Marilah kita semua bergabung untuk melawan fenomena global perdagangan manusia
yang dramatis.
Marilah
kita juga mendoakan mereka yang tewas dan terluka dalam kebakaran dahsyat yang
terjadi di pusat kota Cili.
Dan
saya menyapa kamu semua yang datang ke Roma, dari Italia dan pelbagai belahan
dunia lainnya. Secara khusus saya menyapa para pelaku hidup bakti yang berasal
dari lebih enam puluh negara yang ambil bagian dalam pertemuan “Peziarah Harapan
di Jalan Menuju Perdamaian”, yang diselenggarakan oleh Dikasteri Institut Hidup
Bakti dan Serikat Hidup Kerasulan.

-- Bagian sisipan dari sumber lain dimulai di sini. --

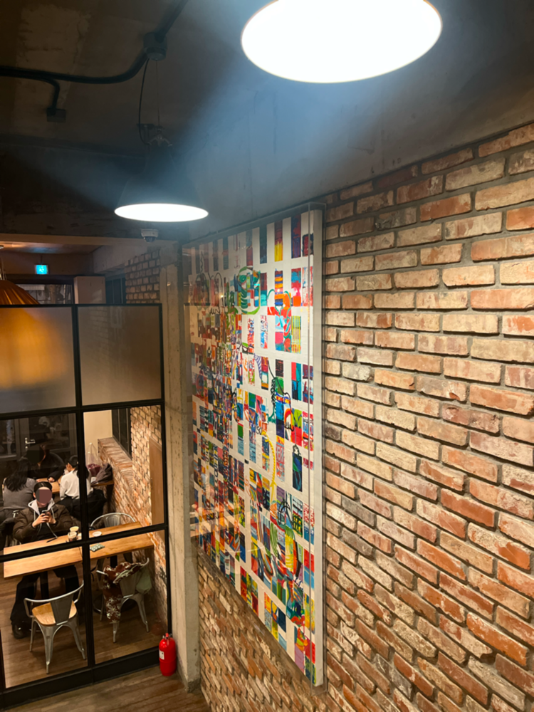 각 층 계단이 시작하는 데, 끝나는 데에 저런 대따 큰 캔버스도 걸려 있었고, 조명이나 인테리어도 전체적으로 따뜻한 분위기를 주는 웜한 톤이라 지금같은 겨울 날씨와 잘 어울린다고 생각했다.

Saya menyapa para siswa dari Badajoz,
Spanyol, dan siswa dari Sekolah Salesian “Sévigné” di Marseille, serta umat
Polandia dari Warsawa dan kota-kota lain; dan kelompok dari San Benedetto del
Tronto, Ostra dan Cingoli. Dan saya bisa melihat bendera Jepang di sana! Saya
menyapa rakyat Jepang. Dan saya dapat melihat bendera Polandia: Saya menyapa
warga Polandia dan kamu semua, serta kaum muda Immacolata juga.
Saya
mengucapkan selamat hari Minggu kepada kamu semua. Tolong, jangan lupa
mendoakan saya. Selamat menikmati makan siangmu, dan sampai jumpa!